Key features include:

  • 13-horsepower Honda gasoline engine
  • Mixes 12 cubic feet of material (3 ½ to 4 bags)
  • Steel drum
  • Ideal for high-production 

Find out more about the Whiteman WM120SHHD hydraulic portable mixer here

Whiteman offers an array of portable mixers built with a polyethylene drum.  Cleaning up is easy with Whiteman’s EasyClean technology.  

Whiteman WM90PH8

This portable plaster/mortar mixer has a nine cubic feet polyethylene drum with EasyClean technology. Other key features include;

  • A 7.9-horsepower Honda gasoline engine
  • Mixes up to 9 cubic feet of material
  • Equipped with a v-belt drive system

You can learn more about the Whiteman WM90PH8 mixer here


Toro offers an array of portable mortar mixers that range in capacity.  Mixers use Toro's patented paddle technology to move mortar in both a horizontal and circular motion for a smoother mix. 
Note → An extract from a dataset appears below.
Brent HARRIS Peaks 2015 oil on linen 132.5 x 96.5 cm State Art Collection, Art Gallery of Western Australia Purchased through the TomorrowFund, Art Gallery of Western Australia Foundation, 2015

 Its MMX-650E-S Ultra Mix Mortar Mixer is designed for small to medium-sized jobs. 

Key features include:

  • 1.5-horsepower electric motor 
  • Mixing capacity of 6 cubic feet
  • Steel drum

Find out more about the MMX-650E Ultra Mix Mortar Mixer here.

Toro MM-12511H-S Mortar Mixer

This portable plaster/mortar mixer has a nine cubic feet polyethylene drum with EasyClean technology. Other key features include;

  • Honda GX340 gasoline engine
  • Mixes up to 12 cubic feet of material
  • Steel drum

You can learn more about the Whiteman WM90PH8 mixer here


EZG Manufacturing offers four models of their Mobile Mud Hog® mixers.  Masons can use them to mix mortar, grout, or concrete. The mixers range in capacity and options.  All models are powered by a hydraulic motor and feature a hydraulic drivetrain.  They are designed to be used with a walk-behind Skid Steer Loader.
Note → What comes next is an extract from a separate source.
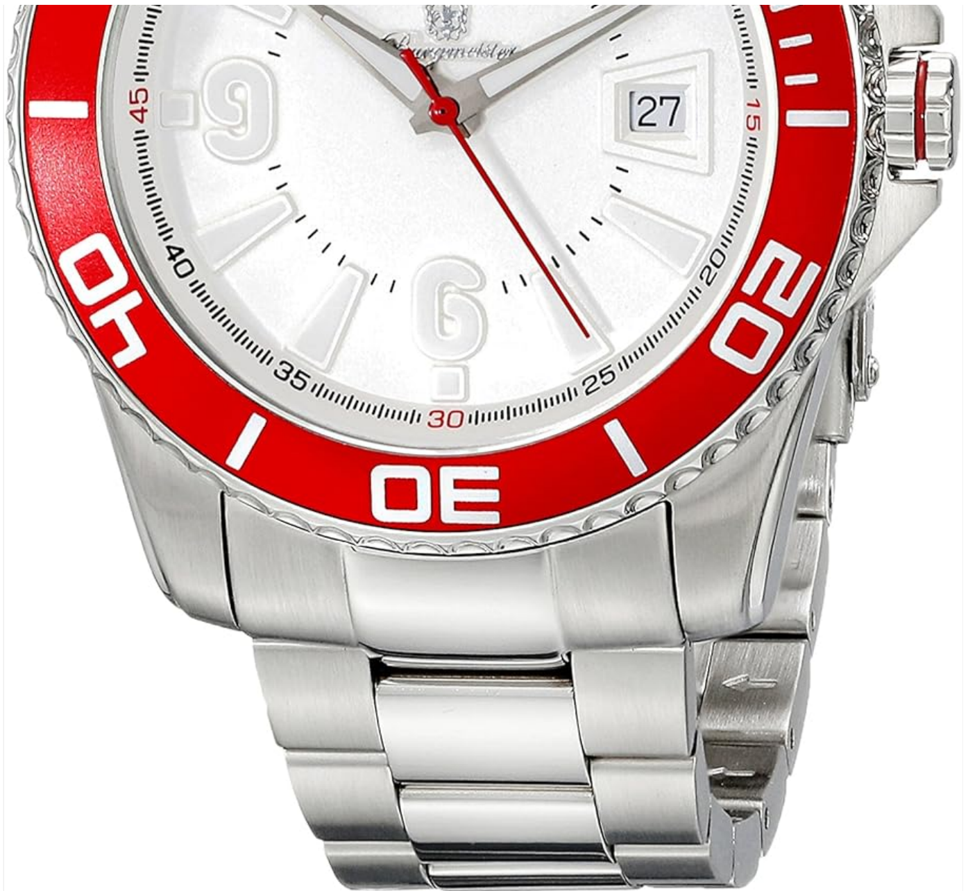
Figure 1: Front view of the Burgmeister BM531-111 Quartz Analog Watch, featuring a silver stainless steel bracelet, white dial, and a red bezel with minute markers.

Their MMH4 (pictured) model has a mixing capacity of 4 cubic feet.  It has a manual gate dump with an optional extended dump chute. A Honda gasoline engine is available.

The MMH4 is a good fit for smaller jobs.  

The MMH9 has nine cubic feet of mixing capacity.  Like its compact counterpart, it comes with a manual gate dump and offers an optional Honda gasoline engine.

For larger jobs, EZG Manufacturing offers the MMH12 mixer. 

Key features include;

  • Mixing capacity of 12 cubic feet
  • Hydraulic gate dump with a discharge rate of ½ cubic yards per minute. 
  • Skid mount and forklift pockets
  • Optional 11.7-horsepower Honda gasoline engine

Finally, the MMH20 can mix up to 20 cubic feet of material. This high-capacity machine can discharge up to ½ cubic yards per minute. It comes with a skid mount and forklift pockets. Like the MMH9, an optional Honda motor is available.

To learn more about Mobile Mud Hog® mixers, visit the EZG Manufacturing site here


Portable mixers make a mason’s life easier. Mortar, grout, and concrete can be mixed easily and quickly while on the job. Portable mixers can improve your job’s efficiency. They can minimize worker fatigue and time wasted by physically mixing these materials. Choosing the right one comes down to the types of jobs you do and how you plan to use them.